>> Thursday, April 14, 2011
I've been reading your amazing blog for a while now, and even though i get extremely lazy and not read entire answers, I do pick up some great things. :)
My question for you today is....on a very touchy topic. I live in America and this is becoming an ongoing debate between Christians and Atheists...but I want to know what Islam says about it.
My reason for this question is, if people start discussing this i want to imput ISLAMIC points. I know (for sure) that homosexual marriages are completely not allowed in Islam, but what are these people's status's considered? Does Islam say people are born this way or become this way? Whenever I used to go to Pakistan and saw the Hijraas wearing a ton of makeup and asking for money, I was...annoyed. Why don't these people work? Or do something? why are they just begging? why is EVERY homosexual in pakistan just begging? But with all the recent debates, I think maybe these people are begging because no one over there will accept them doing anything else. I also fear for my future. When I have kids and they go to school, will they be seeing these relationships openly in school? Am i supposed to teach them it's wrong? What if my child is like that?
So, I am very confused. I'm sorry for the extremely long question, but i had to explain my stand point.
I hope it is not too much trouble for you to answer this, as this is the type of thing i'd never bring up to my family.
Thank You in advance :)
-Hoping to Learn
Wa'alykum as salam wa rahmatullah wa barkatoo,
Dearest Hoping to Learn,
You know, I've been waiting for someone to ask this question. And don't worry. This whole blog is for the stuff we're not comfortable talking to dear mumzy and daddy about.
So yeah, I know-the issue of homosexuality can seem a little confusing right now. But you know what? It’s really not- the truth is, this is another one of those things that modern society is trying to make “politically correct”. You see, with so many people coming out of the closet and so many shows starring homosexuals, we are constantly being bombarded with the message homosexuality is natural.

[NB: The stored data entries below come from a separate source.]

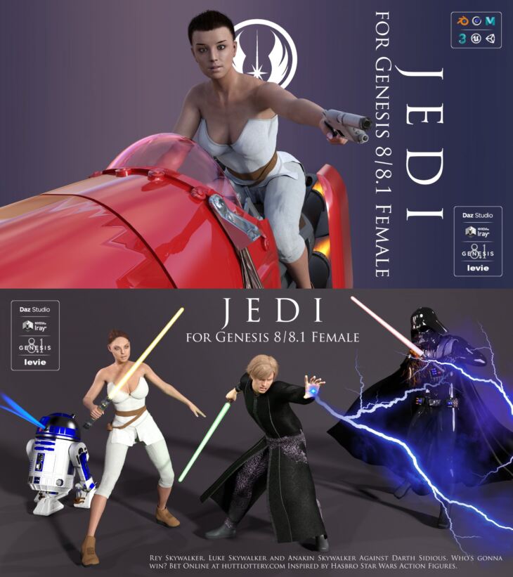 Jedi for Genesis 8 and 8.1 Female comes with Iray material preset and attachments, incl. Genitalia, Genesis 8.1Tears, Eyelashes, Outfit, Boots, Haircut, Lightsaber, a Steam Punk Transport -- a Jakku Speeder in a Hover Mode -- Fottrest, Left Lever speed control, Right Lever movable, Full Throttle option with or without flames at the back, Weapon -- an Inner Rim Blaster, and Accessories, and Attachments -- a Morphing Bag with movable pins for the speeder. Enjoy.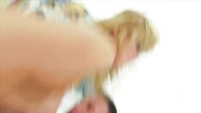 Descripción: This horny little blonde is anxious to take two dicks into her holes. She vacuums the cocks down then gets double penetrated and cum fed.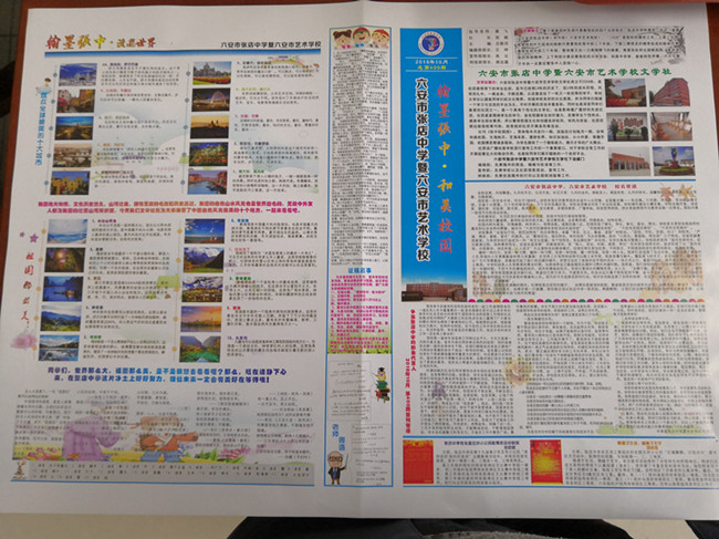 新版校园报相对于旧版有着较大的改观,除版面增加一倍以外,页面全部采用彩印,文字与图画搭配相得益彰,美观大方,给人以赏心悦目的感觉。报纸内容以“翰墨张中,和美校园”为主题,分为“新闻瞭望”、“漫游世界”、“文海拾贝”、“益海采英”四个板块,第一板块的校长寄语体现出陈校长对同学们的谆谆教诲和殷切期望,每个版块同学们用文字、绘画等叙写张店中学师生活动的点点滴滴,展现张中的精神风貌,每一件作品都是同学们的真情流出,显示出张中学子的理想远大、昂扬奋进、永不言弃的美好品格。新校园报出版以后,同学们爱不释手,都期待着下期早些出版。(邓启胜)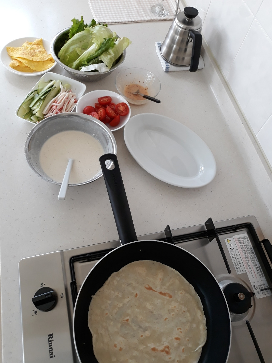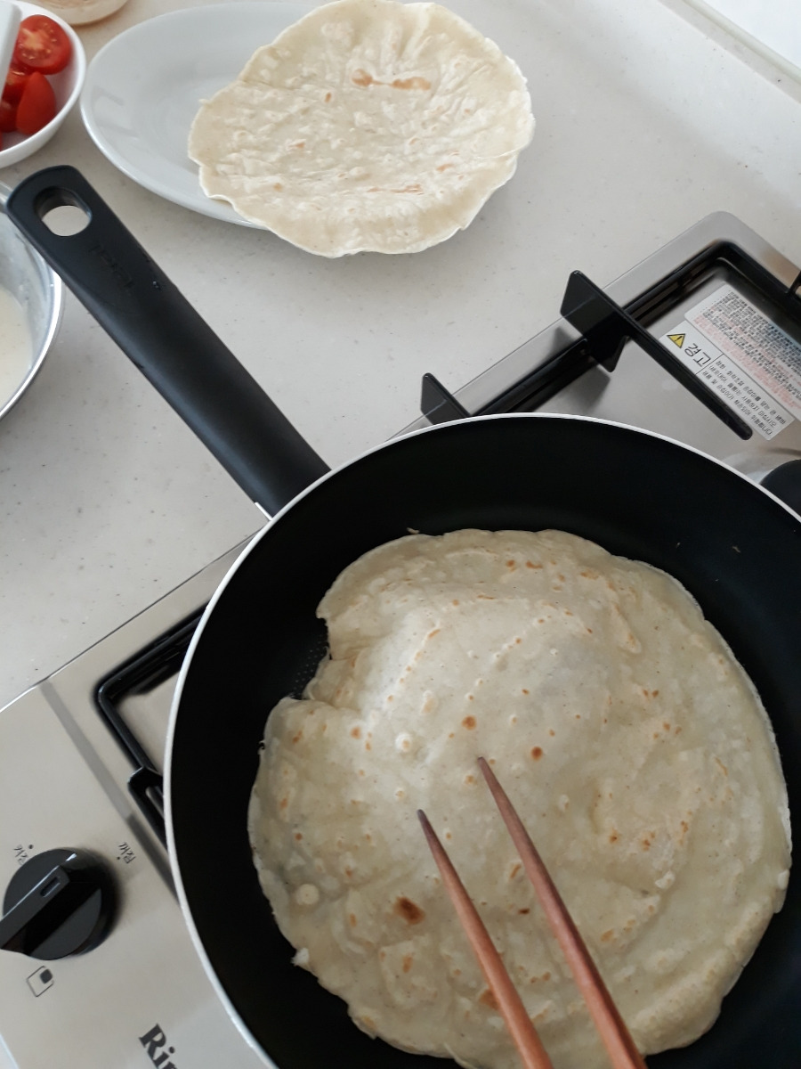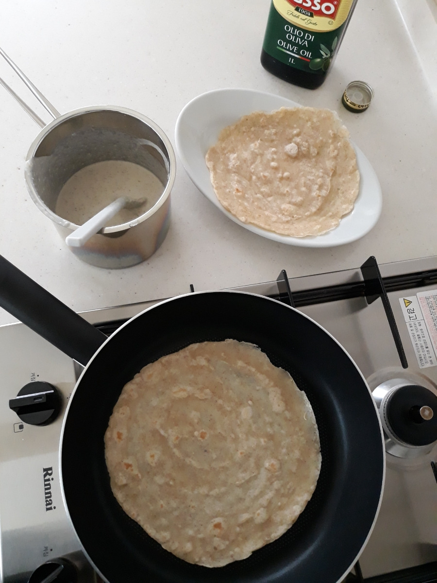 첫 장은 팬에 기름을 바르는 정도로 넣고
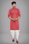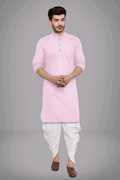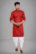 The kurta pyjama set is made from a cotton blend fabric, which combines the softness and breathability of cotton with the added durability and wrinkle-resistance of synthetic fibers. The kurta is typically knee-length or slightly below the knees, featuring a relaxed, straight cut that provides ease of movement. The kurta pyjama set incorporates ethnic design elements that reflect traditional craftsmanship.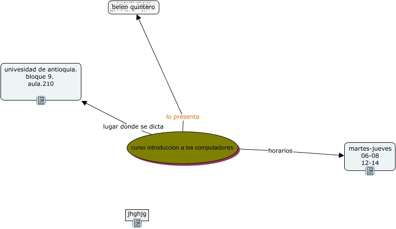 Este Cmap, tiene información relacionada con: clase, curso introduccion a los computadores horarios martes-jueves 06-08 12-14, curso introduccion a los computadores lugar donde se dicta univesidad de antioquia. bloque 9. aula.210, curso introduccion a los computadores lo presenta belen quintero
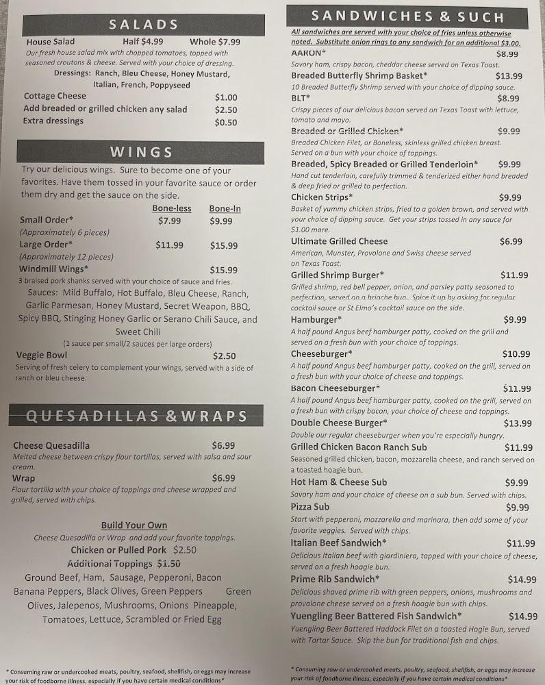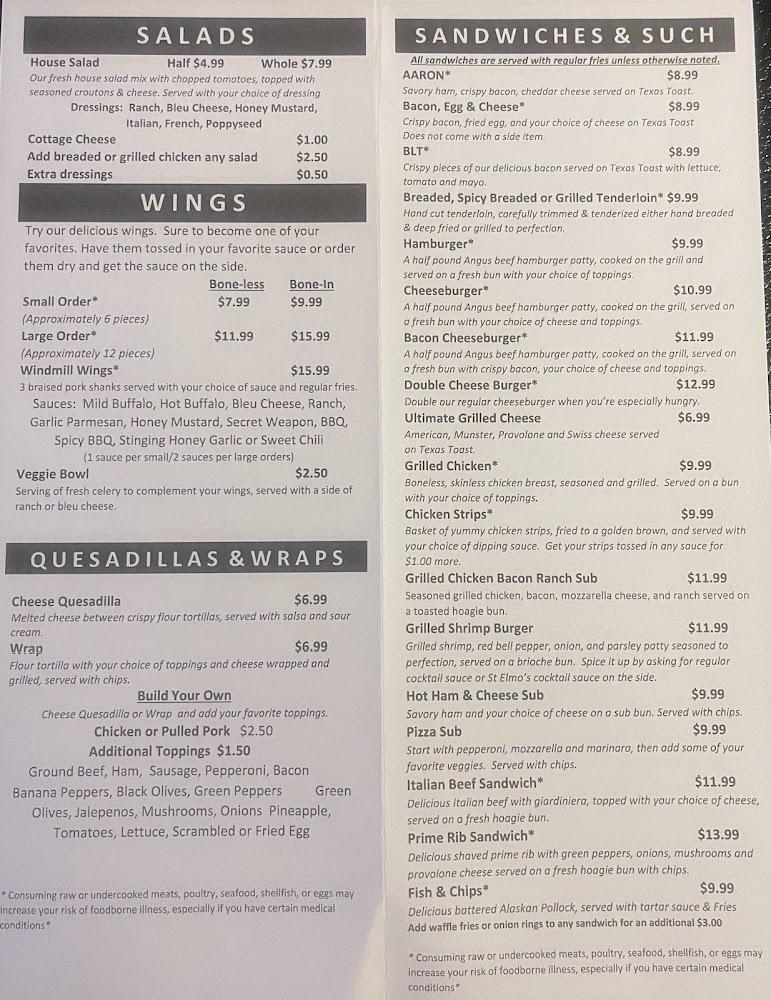 The Windmill Tavern offers a diverse menu that blends traditional American favorites with local flair. Starters include favorites like fried pickles and jalapeño poppers, perfect for sharing. Main dishes feature hearty burgers, breaded tenderloin sandwiches, and crispy chicken strips. Desserts like chocolate chip cookie pie add a sweet ending.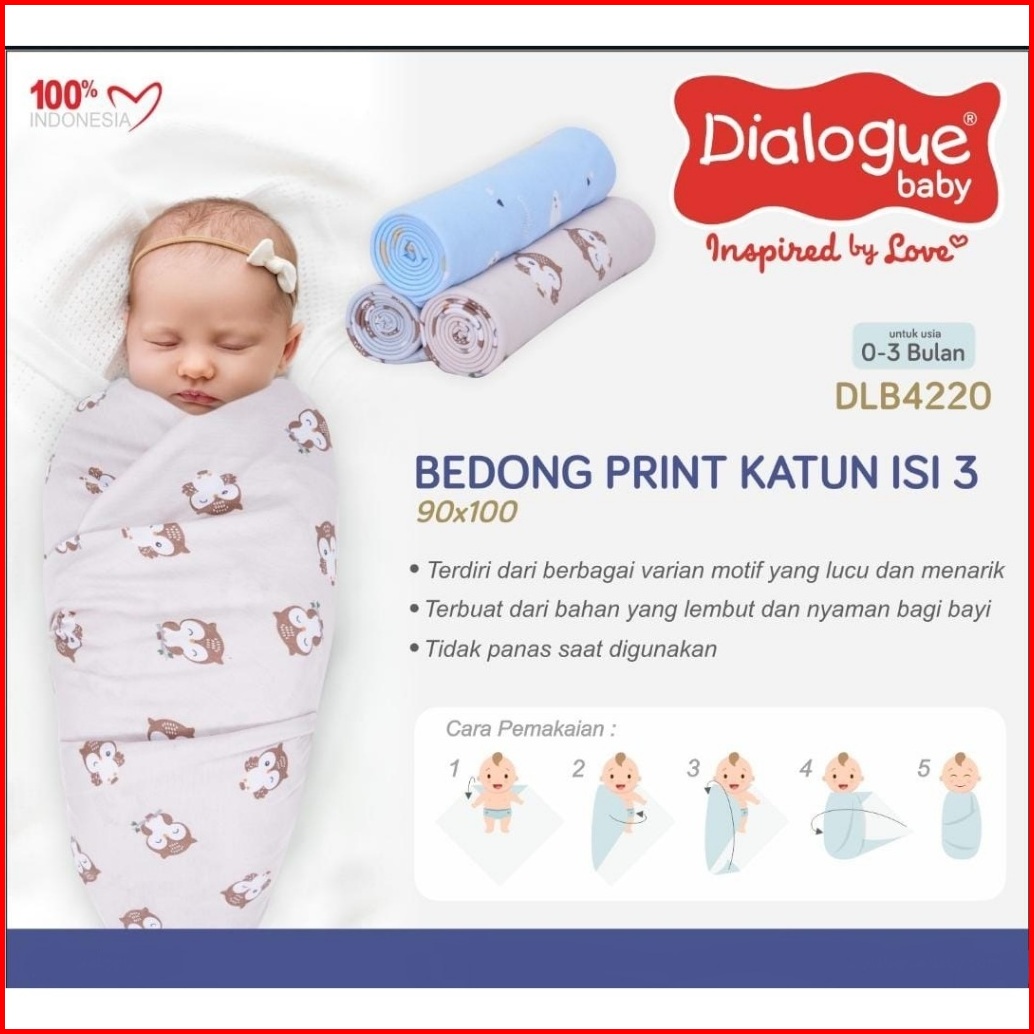 3 Pcs Bedong Soft Cotton Bayi 90x100cm Dialogue Baby Blanket Gift Set Newborn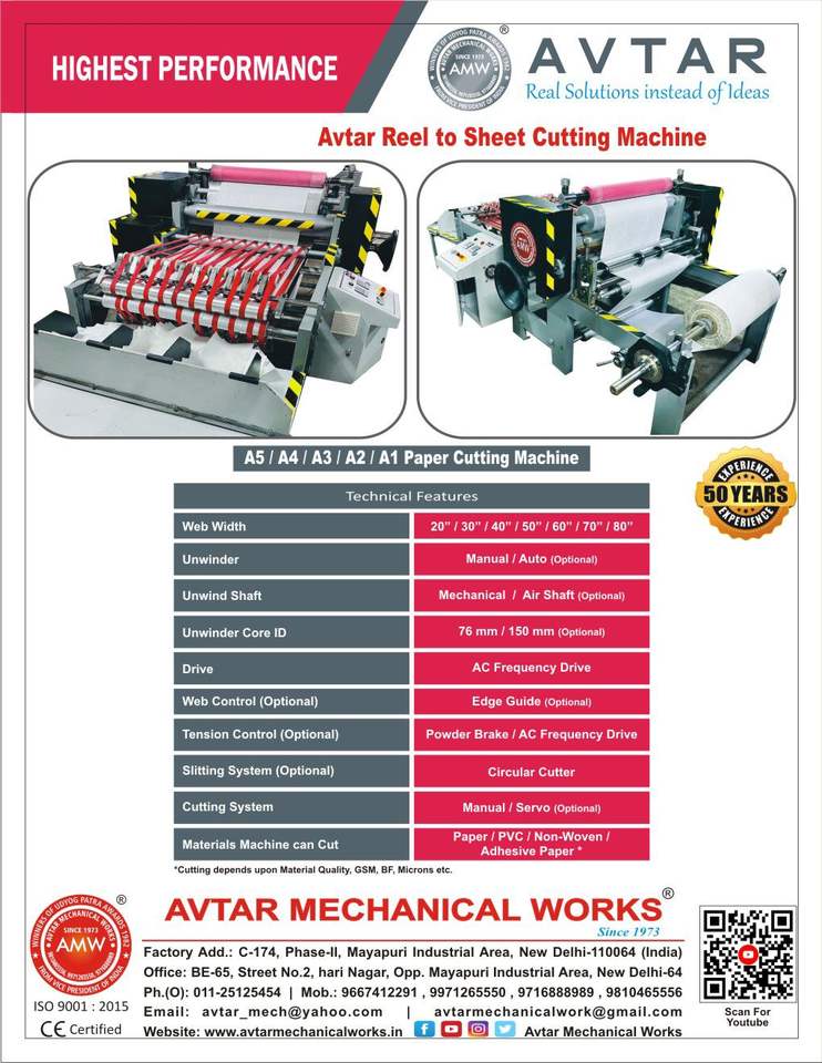 Machine de découpe de papier intelligente AVTAR A4, contrôlée par PLC, 2,2 kW, haute efficacité, 250 feuilles/min, usage intensif, fabriquée en Inde, fiable, la meilleure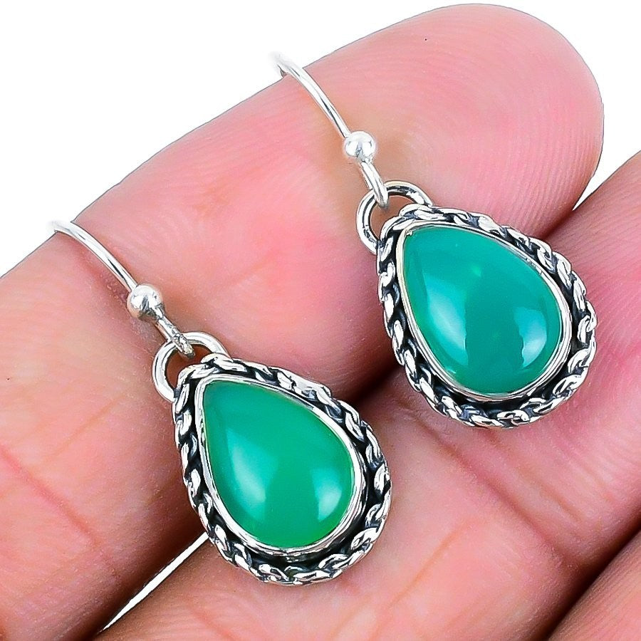 Green Onyx Gemstone Sterling Silver Mother New Drop Dangle Hook Earrings Jewelry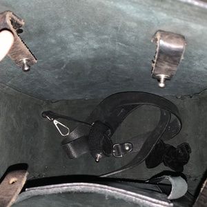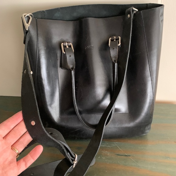 M0851 black leather tote. Structured leather tote with crossbody strap. Clips to close the top (no zipper) and one internal pocket. Makes a great bag for work. Note this leather does show light scratches which work their way into the leather over time. Good used condition.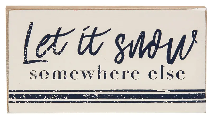 Give Winter the cold shoulder with these sassy, hilarious blocks.The So Cold Pinstripe Blocks feature three winter-themed phrases in navy blue text and script on an ivory background. Phrases include “I am so freakin’ cold,” “’tis the season to be freezin’” and “Let it snow somewhere else.” A navy blue, triple-stripe frames the bottom of each message. Raw edges and distressing on the design give these signs a rustic look that will fit well with any winter, farmhouse décor. These blocks include two keyhole hangers on the back and can also be displayed freestanding. Blocks measure 3" high by 6" wide by .75" deep.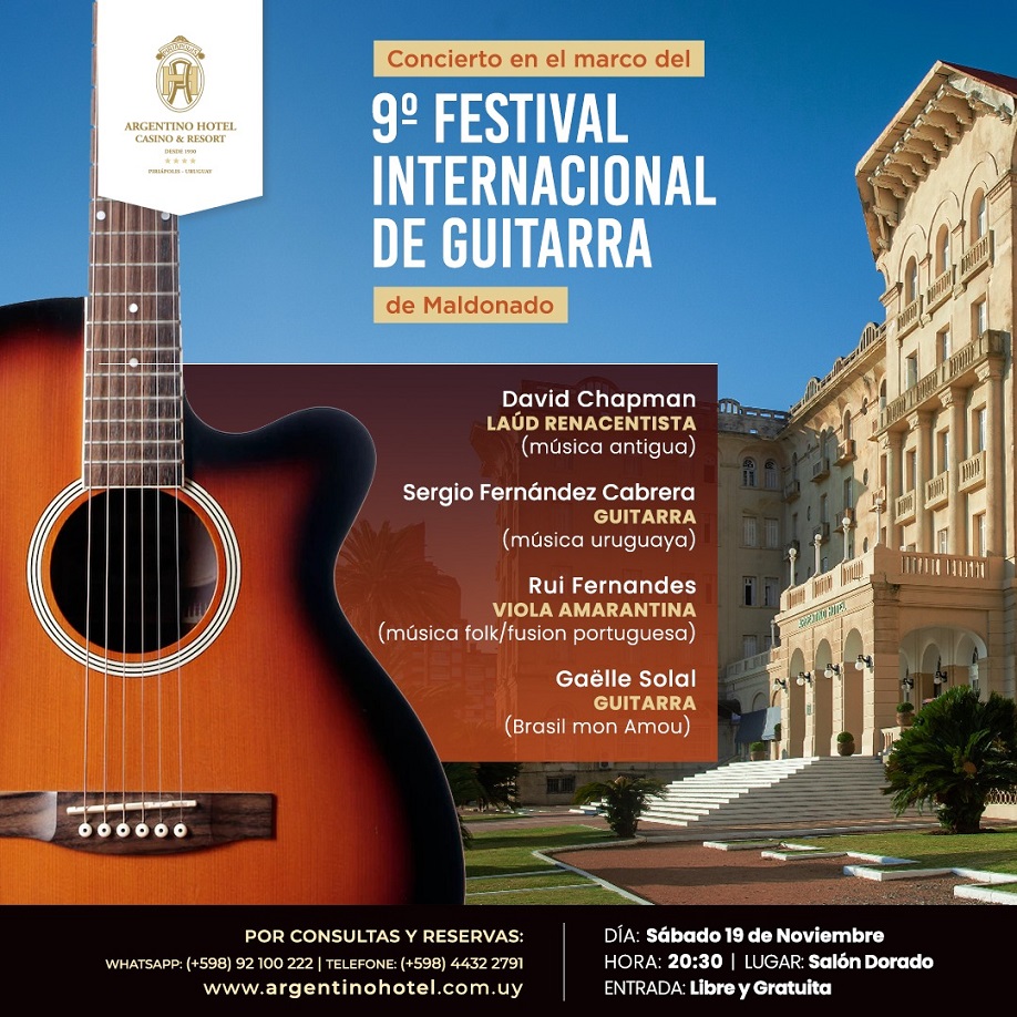 Sábado 19/11 - Hora 20:30 - Concierto en el marco del 9º Festival Internacional de Guitarra de Maldonado - David Chapman Laúd renacentista (música antigua) Sergio Fernández Cabrera - Guitarra (música uruguaya) Rui Fernandes - Viola amarantina (música folk/fusion portuguesa) Gaëlle Solal - Guitarra (Brasil mon Amou ).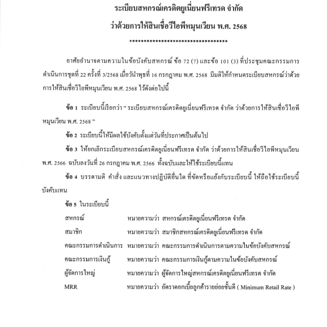ระเบียบสินเชื่อวีไอพีหมุนเวียน พ.ศ.2568

The media keeps asking us: What’s wrong if two people love each other? Even if they are the same gender? Shouldn’t everyone have the right to decide who they feel attracted to?
To be blunt about it, the answer is: There’s a lot wrong with homosexuality.
Yes, I said it.
Homosexuality is not normal- it’s unnatural. And it’s a sin to act up on it.
Let me ask you something:
Is it acceptable for a boy to feel sexually attracted to his sister? Or for a woman to feel sexually attracted to her son? Or what if a man feels attracted to his niece? How about if a boy feels sexually attracted to his stepmom? Would it be acceptable for him to act on his desire? Well, why not? What if the people involved in all of these scenarios share deep feelings and feel the need to act on them physically? Who’s to say they shouldn’t?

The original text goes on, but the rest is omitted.